6 以上によれば、被告が本件土地の賃貸借契約の相手方として訴外会社を選定したことにつき、その裁量の範囲を逸脱し、あるいは裁量権行使に濫用があったものと認めることはできず、右逸脱濫用があったとする原告らの主張はいずれも理由がない。
五 公有水面埋立法違反の主張について
原告らは、本件土地につき賃貸借契約を締結する場合、公有水面埋立法二七条二項四号によって、賃借権設定の相手方の選考方法が適正であることが、賃貸借契約の適法要件であると主張したうえ、右の選考方法が適正であるとは、公募による場合を指し、公募により難い特別の事由があるときに限り、公募以外の方法によることができるものと解すべきであるのに、被告は、公募により難い特別の事由がないのに随意契約の方法によって訴外会社との間で本件賃貸借契約を締結しようとしているので、本件賃貸借契約の締結は違法であると主張する。
しかしながら、公有水面埋立法二七条二項四号は、埋立地につき賃借権の設定等をしようとする当事者が、同条一項に基づいて知事に対しその許可を申請した場合における許可要件を定めた規定であるから、本件賃貸借契約が右規定を充足していないことは、それにもかかわらず知事がこれを看過して右許可をした場合に、その許可処分の違法事由とはなり得ても、本件賃貸借契約自体の違法事由としては考慮する余地はないものというべきである。
したがって、原告らの右主張はその余の点について判断するまでもなく理由がない。
六 市条例違反の主張について
原告らは、市条例四条によって、熱海市が普通財産を無償貸付、又は減額貸付をする場合の相手方は「他の地方公共団体その他公共団体又は公共的団体」に限定されているところ、本件賃貸借契約においては、その契約締結の日から、訴外会社が水族館を建設してその営業を開始する日の前日までは賃料を免除するものとされており、これは当該期間についてみれば市条例四条にいう無償貸付であり、契約全体からみれば同条にいう減額貸付に当たるが、訴外会社が、同条の「他の地方公共団体その他公共団体又は公共的団体」に該当しないことは明らかであるから、本件賃貸借契約は市条例に違反する違法があると主張する。
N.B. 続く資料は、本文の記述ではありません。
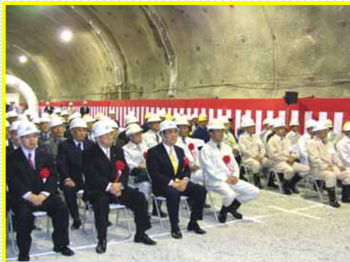
貫通式には市長をはじめ、地元地権者、工事関係者等約200名が出席し、貫通を祝いました。
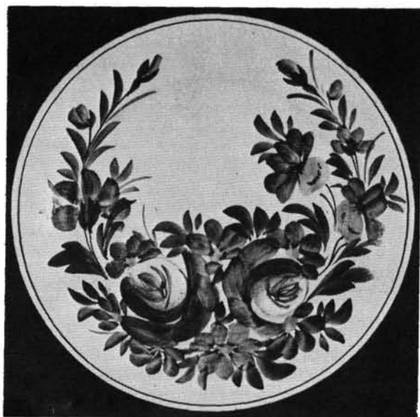
5. ábra. Kerek tésztástál. Abb. 5. Runde Gebackschüssel.
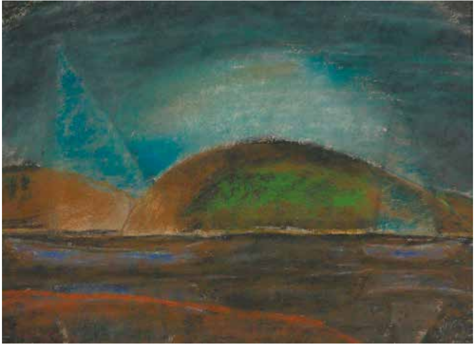
Nagy István: Balaton, 1927 (Türr István Múzeum, Baja)
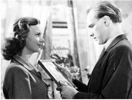
1947 PAS DE RETOUR POSSIBLE (Ingen väg tillbaka) d'Edvin Adolphson avec Olof Bergström
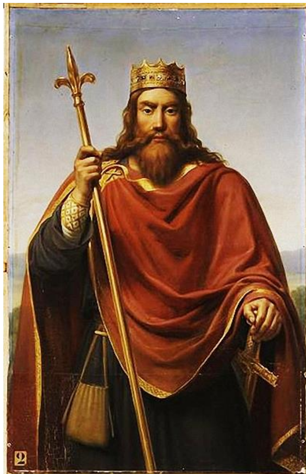
Clovis, koning der Franken (465-511)
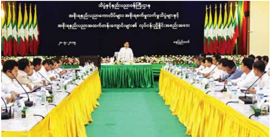
အစီအစဉ်များအား ရှင်းလင်းတင်ပြခဲ့သည်။ များ၏ ကျောင်းအုပ်ကြီးများက သင်ကြားရေး၊ စီမံရေးရာ နှင့် အုပ်ချုပ်ရေးဆိုင်ရာကိစ္စရပ်များနှင့်စပ်လျဉ်း၍ ဆွေးနွေးတင်ပြခဲ့ကြကြောင်း သတင်းရရှိသည်။ (သတင်းစဉ်)

ပေးကြရမှာဖြစ်ကြောင်း၊ အစိုးရနည်းပညာအထက်တန်း ကျောင်း (G.T.H.S) များတွင် Skill Level-3 နှင့် အစိုးရစက်မှုလက်မှုသိပ္ပံ (G.T.I) ကျောင်းများတွင် Skill Level-4 အထိရောက်အောင် ကျွမ်းကျင်သူများအဖြစ် လေ့ကျင့်သင်ကြားပေးထုတ်ပေးရန် လိုအပ်ပါကြောင်း၊ ဒေသမှလိုအပ်သည့် ဘာသာရပ်များအားလုံး သင်ကြားပေး နိုင်ရန် Polytechnic Center များ ဖွင့်လှစ်ခြင်းဖြစ် ကြောင်း၊ သို့မှသာ လူ့စွမ်းအားအရင်းအမြစ် ဖွံ့ဖြိုး တိုးတက်မှုကို တိုက်ရိုက်အထောက်အကူပြုမည်ဖြစ်ပါ ကြောင်း၊ နိုင်ငံတော်ဖွံ့ဖြိုးတိုးတက်ရေးနှင့် သက်မွေးပညာ ကဏ္ဍ ဖွံ့ဖြိုးတိုးတက်ရေးအတွက် ဆရာ၊ ဆရာမများအနေ ဖြင့် ဝိုင်းဝန်းဆောင်ရွက်ကြစေလိုပါကြောင်း၊ နောင်တွင် Polytechnic School များ၊ Polytechnic Institute များ ဖွင့်လှစ်နိုင်ရေး ရည်မှန်းချက်ထား ဆောင်ရွက်ရန်ဖြစ် ကြောင်း ပြောကြားသည်။ ထို့နောက် ဒုတိယဝန်ကြီး ဒေါက်တာအောင်ကျော် မြတ်က နည်းပညာနှင့် သက်မွေးပညာဆိုင်ရာဥပဒေ (မူကြမ်း)နှင့်စပ်လျဉ်း၍ ရှင်းလင်းပြောကြားခဲ့ပြီး နည်းပညာ နှင့်သက်မွေးပညာဦးစီးဌာန ဒုတိယညွှန်ကြားရေးမှူးချုပ် က နည်းပညာနှင့်သက်မွေးပညာကဏ္ဍ ဖွံ့ဖြိုးတိုးတက်ရေး ဆောင်ရွက်နေမှုများ၊ ဆက်လက်ဆောင်ရွက်ရမည့်
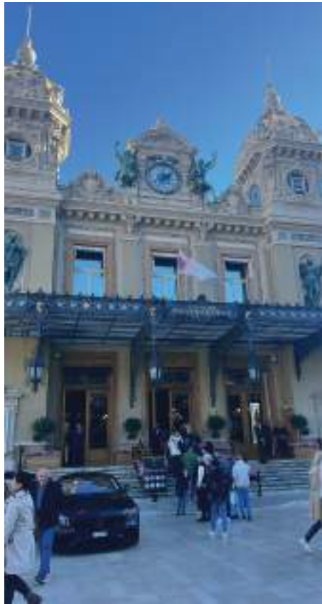
Der Eingangsbereich vom Casino in Monaco
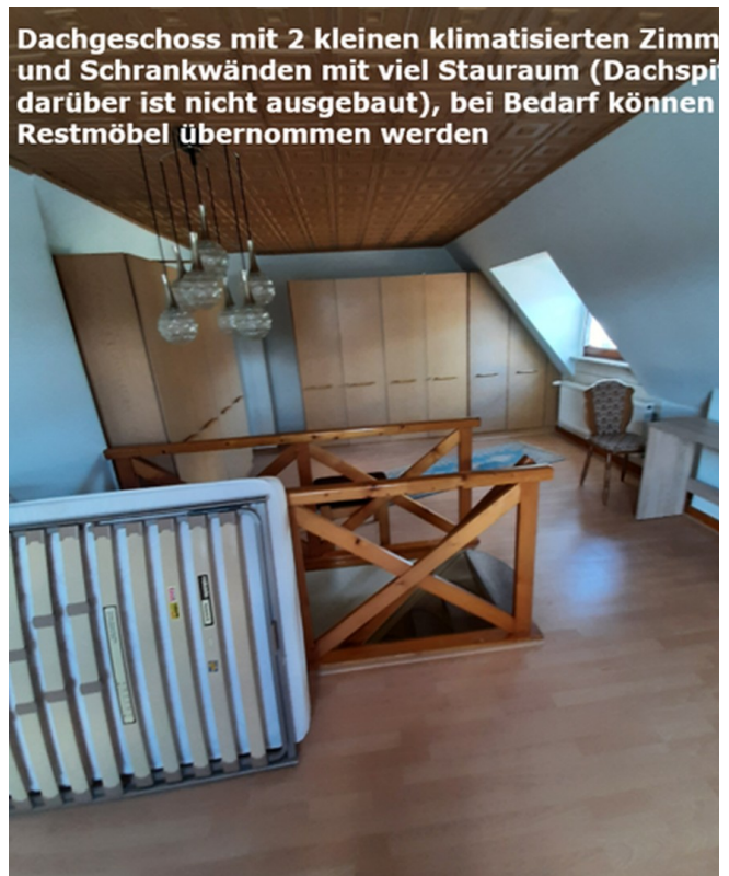
Dachgeschoss mit 2 kleinen klimatisierten Zimmern und Schrankwänden mit viel Stauraum (Dachspitze darüber ist nicht ausgebaut), bei Bedarf können Restmöbel übernommen werden
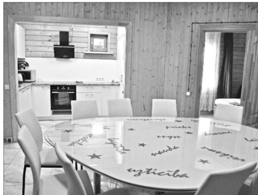
MĀJINĀS labiekārtotas viesu ērtībām.
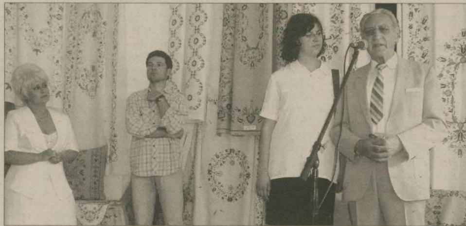
Wystawę haftu kaszubskiego wcześniej mogli oglądać mieszkańcy Konstancji (Niemcy), teraz prace hafciarek podziwiać mogą człuchowianie.
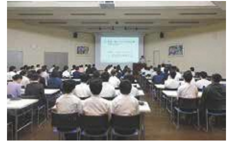
「税を知る出前講座」
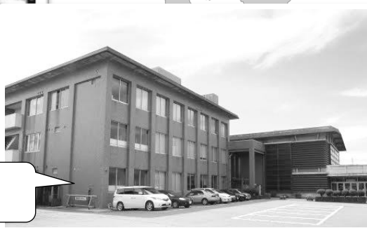
小杉社会福祉会館（射水市）
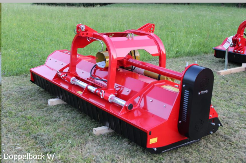
Fotos mit Doppelbock V/H
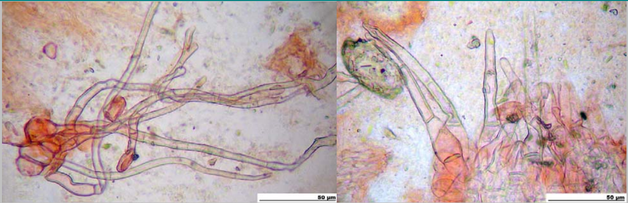
4. Excípulo ectal (200x) de textura angular-globulosa, con pelos hialinos, flexuosos, septados, de paredes gruesas, obtusos, simples o a veces bifurcados de 100- 250 µm.
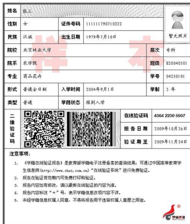
教育部学籍在线验证报告

应须上传“中国高等教育学生信息网”的《教育部学籍在线验证报告》、学生证（注册完整）
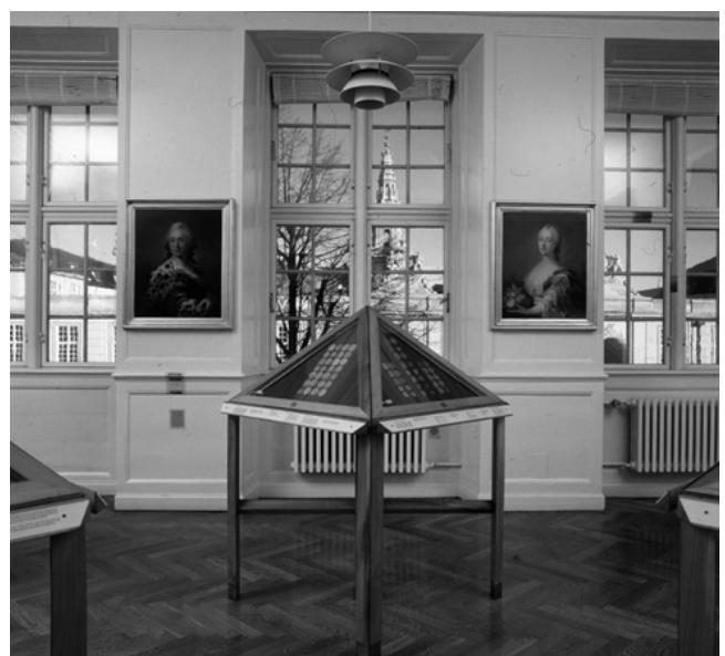
"Møntsamlingen" presenteres i elegante omgivelser, her rommet for "Verdens Mønt".

Museet har et sted mellom 600- til 700.000 objekter: mynter, medaljer, poletter, sedler og diverse annet f.eks. prægestempler – og i dette: "verdens største samling av "norske" dansketidsmynter". Møntsamlingen består av to deler. Hovedsamlingen, som er den typologiske samling, hvor prakt eksempeler av norske mynter ligger enkeltvis etter Schou-numre. Den annen del er
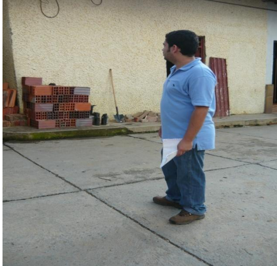
Figura 22. Verificación de Materiales.

Al mismo tiempo que se retiraba la pintura y se abrían las ventanas en las paredes se pidieron los materiales necesarios para frisar todo el interior de la casa, cada una de las ordenes que se enviaban a la ferretería se comparaba con las cantidades que llegaban a la obra y se verificaba que coincidieran (Ver Figura 22).
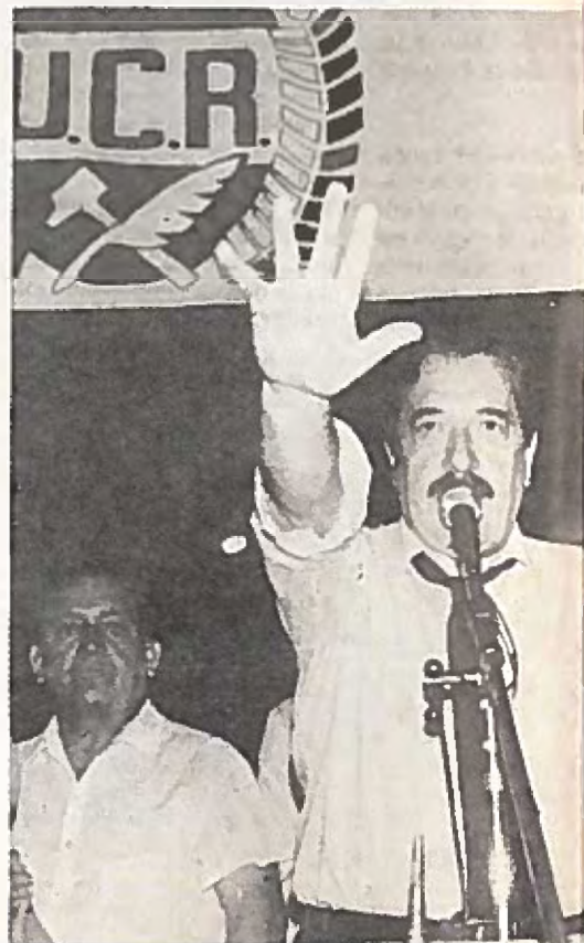
Alfonsin: "Vi får det land vi förtjänar"

Om den nya administrationen får allvarliga problem med att kontrollera militären är frågan om den peronistiska fackbyråkratin inte mindre allvarlig. Denna skulle inte dra sig för att utnyttja folkets rättmätiga krav för sina egna syften. Även om radikalismen inte tänker genomföra en klassförsoning i peronistisk stil går ändå lösningen av den argentinska statens

しかしながら、地方自治法九六条一項六号によれば、条例で定める場合以外の場合においても、地方公共団体が、議会の議決を経たうえで、適正な対価なくして財産の貸付けを行うことができることは明らかであるところ、右内容の賃料免除の約定を含む本件賃貸借契約の原案が同号に基づいて市議会に付議され、昭和六三年三月一九日に可決されたことは、前記四の2の(九)及び(一〇)の(10)のとおりであるから、本件賃貸借契約が市条例に違反するとの原告らの主張は理由がない。
七 結語
以上によれば、本件賃貸借契約の締結が違法なものであるとする原告らの主張は、いずれも理由がないことになり、原告らの本訴請求は、その余の点について判断するまでもなく理由がないこととなるので、これを棄却することとし、訴訟費用の負担について、民事訴訟法八九条、九三条を適用して主文のとおり判決する。